Officer Johnson looked into the interior of the front seat, and took out the blue nylon bag. In the bag he found two separate bags containing crack cocaine. One had 38 rocks and the other had 22 rocks. He estimated the street value was $40.00 to $50.00 per rock — a total value of $2,000.00 to $2,500.00. When Johnson walked into the jail where Strong was being held, with the blue bag in his hands, Strong was outraged. He said “You M-F, I told him (Officer Flinn) that he could not go in my car.”

Officer Johnson testified that the amount of cocaine he found in the bag was so large it was not consistent with a stash intended for personal use. The inference was clearly that it was intended for sale or distribution. Even Strong agreed when he testified that *601the amount of cocaine in the blue nylon bag was not something that a “normal person would use for personal enjoyment.”

Strong’s entire defense was based on Jacqueline’s testimony that she was the one who had, due to financial pressure, gone to a drug dealer and obtained the cocaine on a loan basis. She claimed she was the one who cut it up into pieces and packaged it at the dealer’s residence, and she was the one who intended to sell it, unknown to anyone else in her family, including Strong.

She testified she hid the blue bag in the Jeep and told no one about it. That night or early the next morning, her husband left their home and took the vehicle after a fight over family finances. She worked at a motel housekeeping job and had to support three children, and Strong was unemployed. He also left the house with all of “her” savings (almost $2,000 in cash) which was kept in his coat pocket. His plan was to go to a motel in order to avoid arrest because of having violated his probation. She testified Strong knew nothing about the cocaine in the Jeep, because she had hidden it underneath the console. However, Officer Johnson found the bag open, resting on the passenger seat.

Clearly the jury did not believe the explanation that Jacqueline obtained the cocaine, and that she intended to deal in it. She could not identify the source of the cocaine (someone named Willie located somewhere in Winter Park), and she did not know how much cocaine was contained in the nylon bag, or how many rocks she cut up. She estimated at the most 20. She also testified that all of the rocks were placed in one ball.
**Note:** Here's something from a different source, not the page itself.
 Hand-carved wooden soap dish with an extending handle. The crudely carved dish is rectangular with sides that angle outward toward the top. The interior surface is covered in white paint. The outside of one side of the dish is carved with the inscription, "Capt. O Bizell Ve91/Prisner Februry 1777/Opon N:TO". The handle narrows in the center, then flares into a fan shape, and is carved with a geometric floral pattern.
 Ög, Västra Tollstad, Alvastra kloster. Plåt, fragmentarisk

These facts were completely refuted by the state’s evidence. The jury could reasonably have concluded — based on common sense alone— that Jacqueline was trying to sacrifice herself for her husband, and that in fact he was the drug dealer in the family.

We agree with Strong that he was not afforded an opportunity to contest the amount of the liens assessed for the public defender. Daniels v. State, 679 So.2d 354 (Fla. 5th DCA 1996); Allmond v. State, 668 So.2d 1120 (Fla. 5th DCA 1996); Andrews v. State, 660 So.2d 394 (Fla. 5th DCA 1995). We accordingly strike the liens and remand this cause to the trial court for the opportunity to reimpose the liens after compliance with the Florida Rules of Criminal Procedure.
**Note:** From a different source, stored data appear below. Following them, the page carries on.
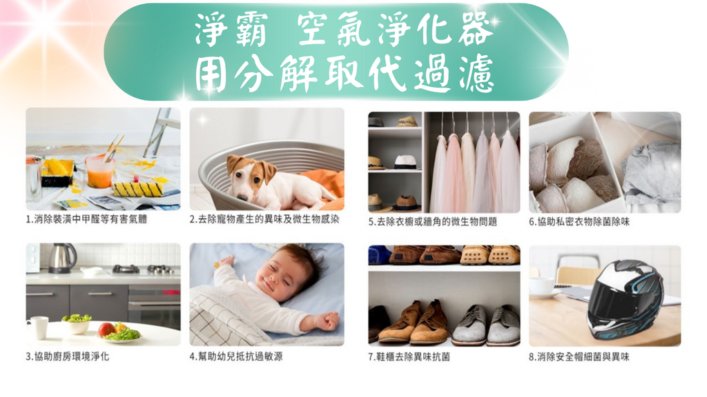 淨霸使用的是一種光觸媒技術與主動釋放淨化因子的方式,能主動分解氣味與過敏原。不像傳統濾網只能被動吸附,它更像是一個「會主動出擊」的清潔小幫手,把空氣中懸浮的細菌、病毒和異味全部處理掉。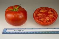 About- Introducing the Rutgers 250 Tomato - a perfect combination of tradition and modernity. This classic Jersey tomato is a true tribute to Rutgers University's 250th anniversary. Enjoy large, globe-shaped fruits that are slightly flattened and weigh up to 7.5 ounces. Rutgers 250 has a firmer skin, a better flavor, and a balanced acid and sugar content, making it an impressive version of the original Rutgers tomato.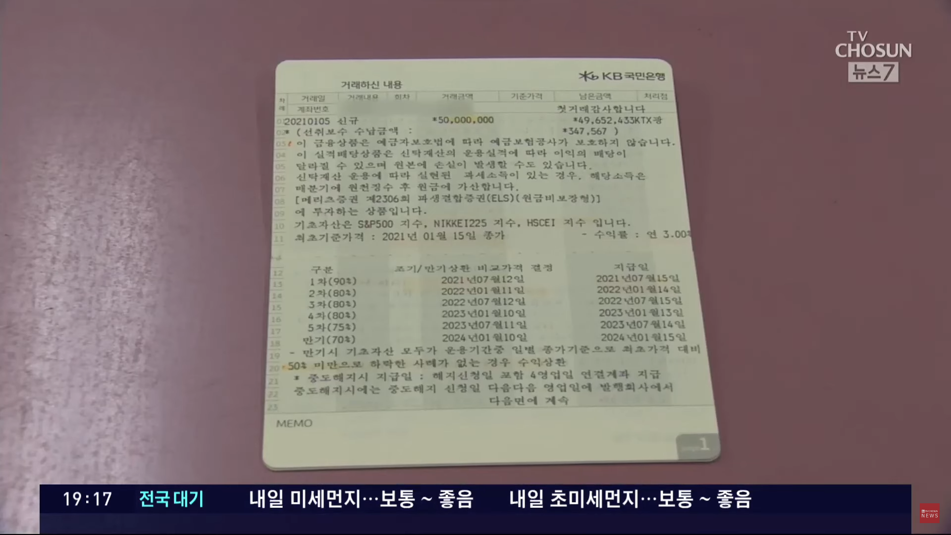 據南韓媒體報道,在1月12日到期的ELS票據(29447號ELS),共錄得1,067韓圜(折合6.2億港元)的虧損,一星期後到期票據,損失率達56.05%,虧損急增至2,296億韓圜(折合13.4億港元),意味不少散戶投資3年本金慘蝕逾半。至於「1528號ELS票據」,損失率更高於51.72%,兩款產品均有投資於香港恒生國指。

AFFIRMED, in part; Liens STRICKEN; REMANDED.

COBB and HARRIS, JJ., concur.

. §§ 893.13(l)(a); 893.03(2)(a)(4), Fla. Stat. (1993).
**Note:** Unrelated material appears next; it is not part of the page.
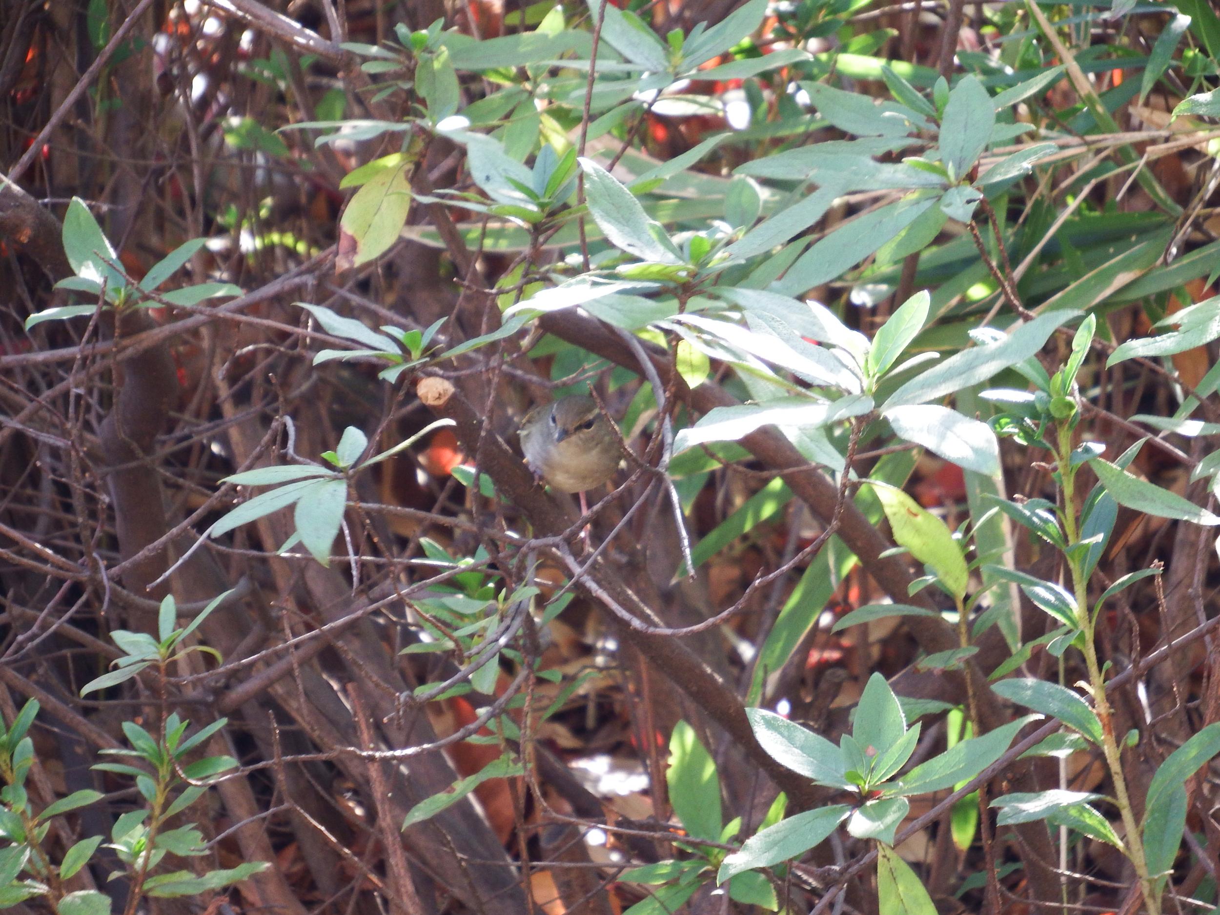 六番櫓近くの垣根からかなり大きな声でジッ、ジッ、ジッ、と地鳴きがしきりに聞こえてきます。ムシクイウグイスです。垣根の隙間を器用に飛び回っています。

. At the same hearing Strong was sentenced in case No 94-1715 for possession of cocaine with intent to sell, after violating his probation in that case.

. See Reese v. State, 694 So.2d 678, 684 (Fla.1997); Parker v. State, 476 So.2d 134 (Fla.1985); Bates v. State, 465 So.2d 490 (Fla.1985).

. Peterka v. State, 640 So.2d 59 (Fla.1994); Buenoano v. State, 478 So.2d 387, 390 (Fla. 1st DCA 1985).